Moving to Jordan was a revelation, and not in a good way.  In a place that gets 300 days of sun a year, eco-friendly houses use solar power to… heat water.  Really?  I found myself mystified.  The March 2011 issue of venture magazine has an outstanding look at solar power in Jordan.  Based on data from the Department of Statistics, they highlight Jordan’s energy consumption.  The picture it paints is troublesome.  For example, 2500 families use solar power to heat their house.  While that is a staggeringly small number, the 123,100 that use it to heat water is likewise troubling.  Out of millions of people, a tiny percentage use solar power at all.  None use it to power their homes.

In thinking about this and talking about this, an industry participant noted that the government banned the importation of the transformation units that take the solar power and make it usable to power homes.  I don’t know if this is due to concerns about competition or national security.  What I do know is that Jordan’s government is missing the boat – big time.  By ignoring a resource that Jordan receives abundantly (one of the few, might I add), the government takes Jordan down frightening paths.  The undaunted push towards nuclear energy is terribly troubling.  This article in the Jordan Times today concerns me greatly.

After watching the worrisome events unfold in Japan with its now-defunct nuclear reactors, how can Jordan push blithely ahead.  After all, asking vendors to tell you what they’ll do is easy.  Talk is cheap – very, very cheap.  Nuclear spillage is not cheap.  It’s frankly rather scary.  And, living in the ma3lesh world that is Jordan, it worries me.

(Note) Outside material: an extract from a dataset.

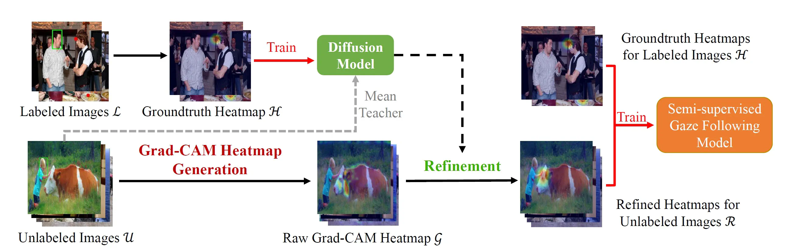 Training gaze following models requires a large number of images with gaze target coordinates annotated by human annotators, which is a laborious and inherently ambiguous process. We propose the first semi-supervised method for gaze following by introducing two novel priors to the task. We obtain the first prior using a large pretrained Visual Question Answering (VQA) model, where we compute Grad-CAM heatmaps by `prompting’ the VQA model with a gaze following question. These heatmaps can be noisy and not suited for use in training. The need to refine these noisy annotations leads us to incorporate a second prior. We utilize a diffusion model trained on limited human annotations and modify the reverse sampling process to refine the Grad-CAM heatmaps. By tuning the diffusion process we achieve a trade-off between the human annotation prior and the VQA heatmap prior, which retains the useful VQA prior information while exhibiting similar properties to the training data distribution. Our method outperforms simple pseudo-annotation generation baselines on the GazeFollow image dataset. More importantly, our pseudo-annotation strategy, applied to a widely used supervised gaze following model (VAT), reduces the annotation need by 50%.

On the other hand, solar farms would provide clear, clean, abundant energy.  In fact, the government doesn’t even have to have a solar farm, per se.  They could simply install solar power panels on the roofs of buildings across the Kingdom.  Rather than run new power lines to remote locations, Jordan would simply install panels.  Or install small farms outside villages and towns to power them.  Nuclear power is not nearly enough to provide for the needs of Jordan’s booming population.  And, it isn’t safe enough, by a long shot, for peace of (a Mommy’s) mind.

At the TEDxRamallah event, we actually heard about another unique and creative idea for power generation.  Khaled Sabawi has found a way to harness the geothermal (solar) energy all around us.  His company, MENA Geothermal has found a way to use the solar energy stored in the ground to heat and cool houses.  This type of resource could change the face of Jordan’s energy situation.

Basically, surely Jordan has experts in energy.  I am not one of them.  But somehow they have become fixated on nuclear power as our salvation.  Personally, I am more fearful than hopeful about nuclear energy.  I say let’s find ways to use our most plentiful resource – the sun – to build a truly sustainable model for energy in Jordan.

Happy Bright Ideas!

2 thoughts on “Is Jordan Missing the Energy Boat?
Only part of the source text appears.